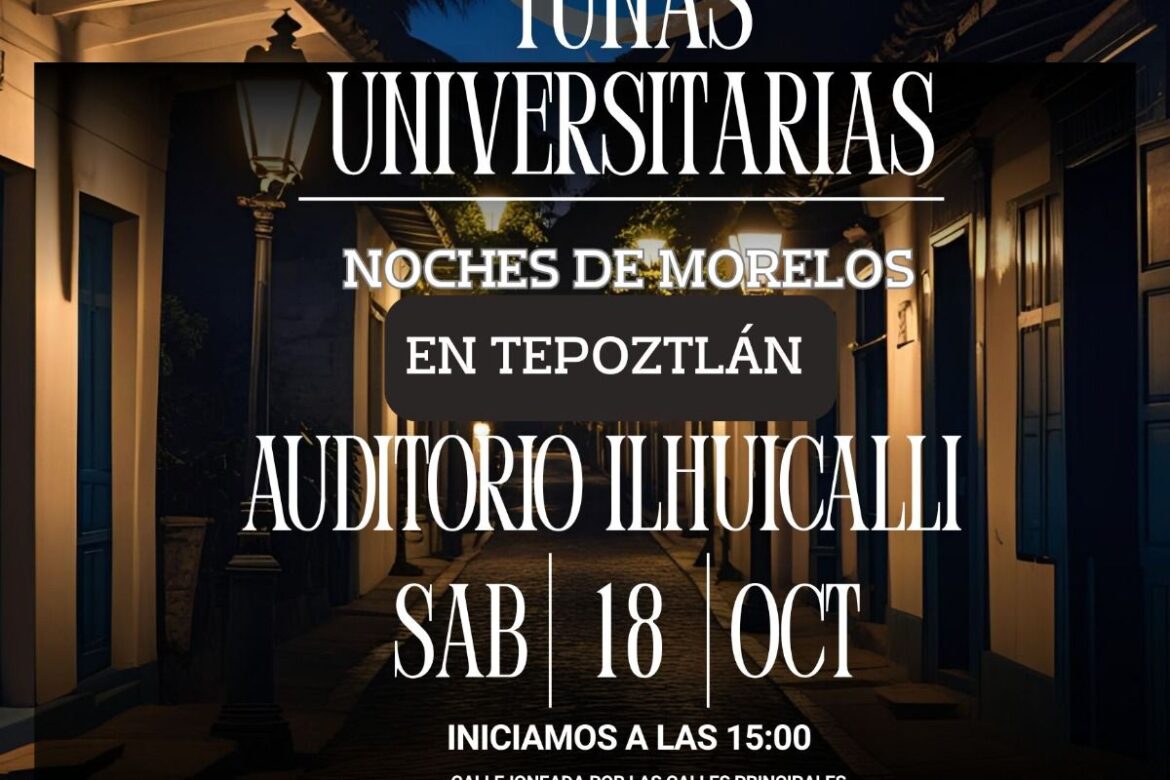 El municipio de Tepoztlán será sede del Centamen de Tunas y las Noches de Morelos el próximo 18 de octubre de 2025, atrayendo talento universitario de diversas entidades del país.
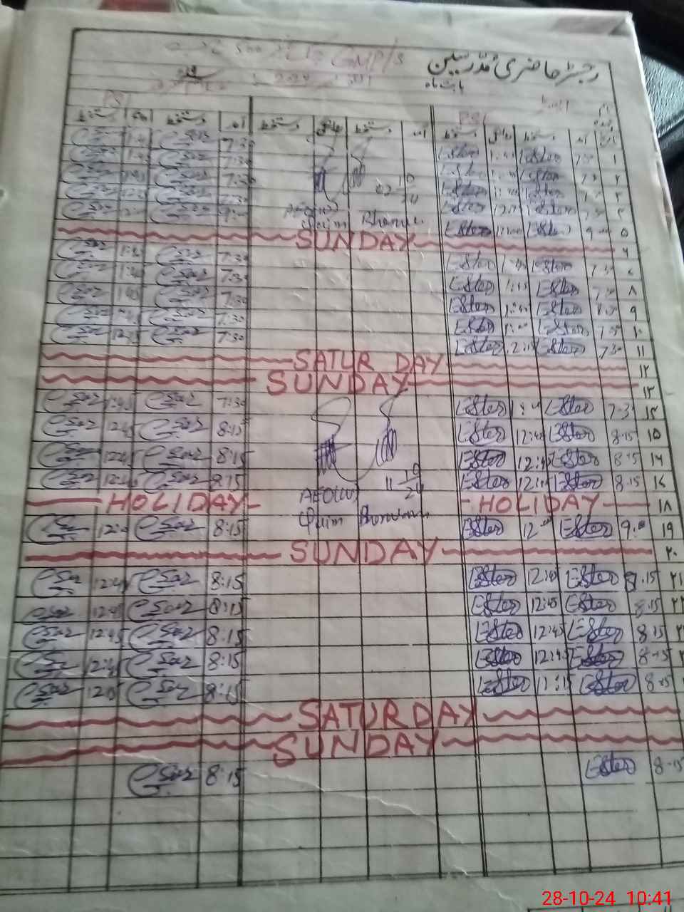 | CNIC | Full Name | Designation | R/C | Absence During Last Calender Month |
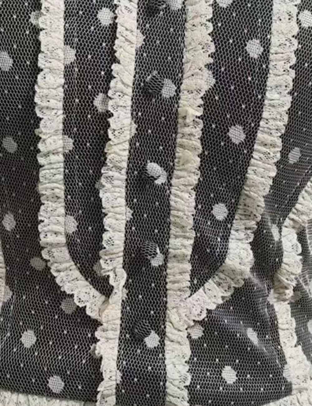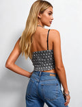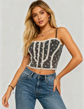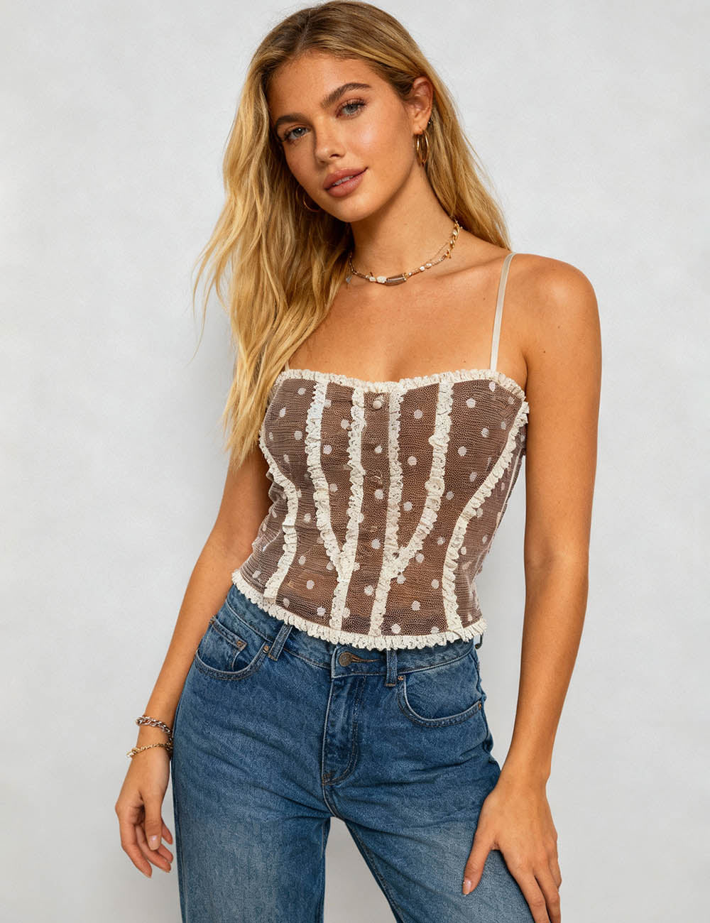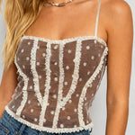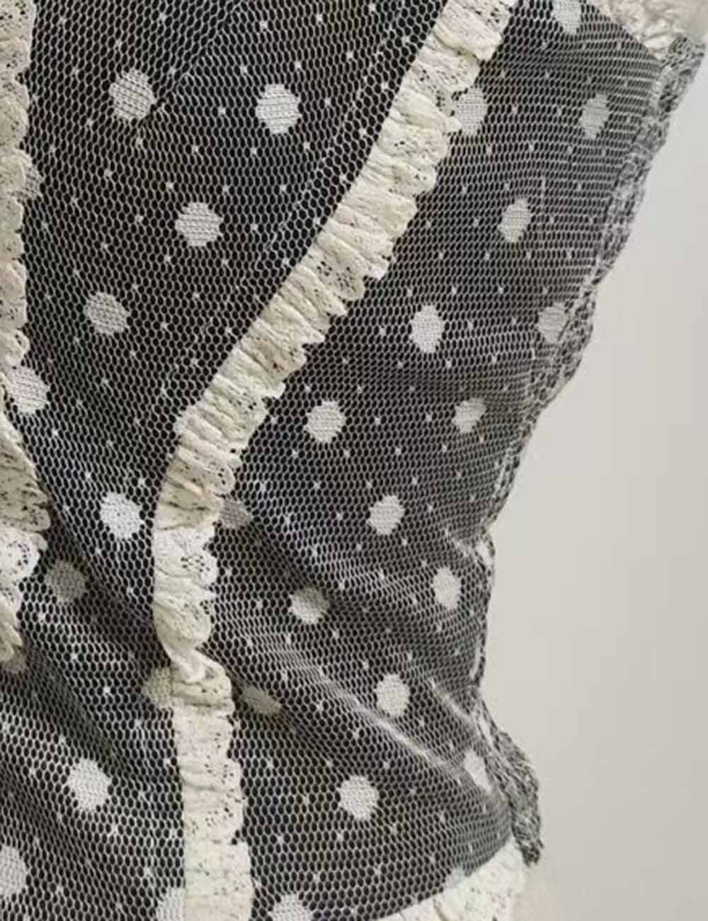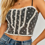 Ladies Polka Dot Mesh Corset Square Neck Ruffle Trim Cami Top

• _WORK TO BE COMPLETED_:
Would you give again exactly the lines from the line containing "Calender Month |" through the end of the listing, both ends included, without any pictures?

• _RESPONSE BOX_:
 | CNIC | Full Name | Designation | R/C | Absence During Last Calender Month |
 Ladies Polka Dot Mesh Corset Square Neck Ruffle Trim Cami Top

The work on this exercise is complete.